DATA SECTION →
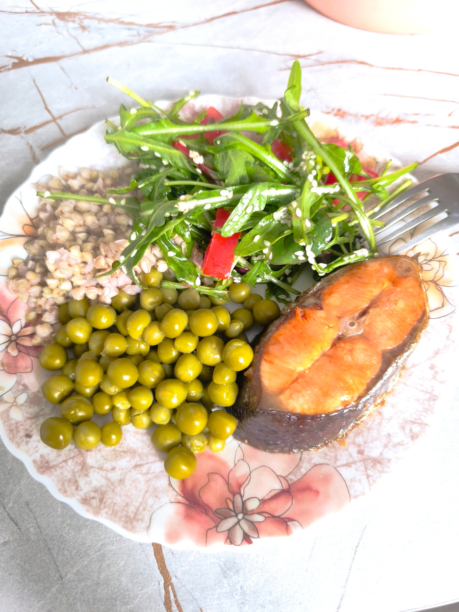 Горошек зеленый , гречка зеленая , форель жареная , салат из руколы , огурца, помидора, кунжута, заправка сок лимона +кунжутное масло.
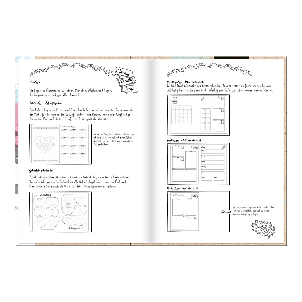 Dabei helfen die Einteilungen in Jahresübersicht, Monatsübersichten, Wochenübersichten und Seiten für To-dos und Ideensammlungen.
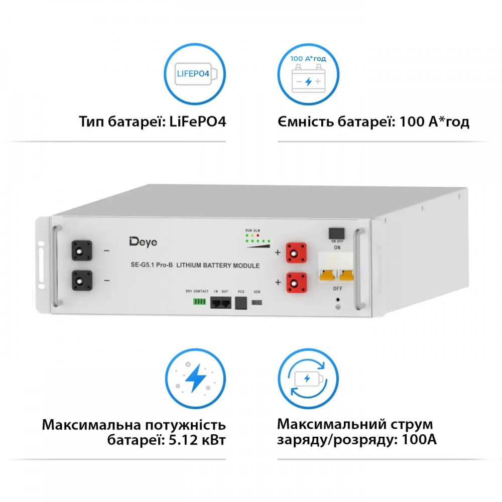 Характеристики - Аккумуляторная батарея DEYE SE-G5.1 Pro-B LiFePO4 LV 51.2v 100AH 5.12kWh

WORK INSTRUCTION → Each line above gets copied exactly; leave the pictures out.

EXPECTED ANSWER →
 Горошек зеленый , гречка зеленая , форель жареная , салат из руколы , огурца, помидора, кунжута, заправка сок лимона +кунжутное масло.
 Dabei helfen die Einteilungen in Jahresübersicht, Monatsübersichten, Wochenübersichten und Seiten für To-dos und Ideensammlungen.
 Характеристики - Аккумуляторная батарея DEYE SE-G5.1 Pro-B LiFePO4 LV 51.2v 100AH 5.12kWh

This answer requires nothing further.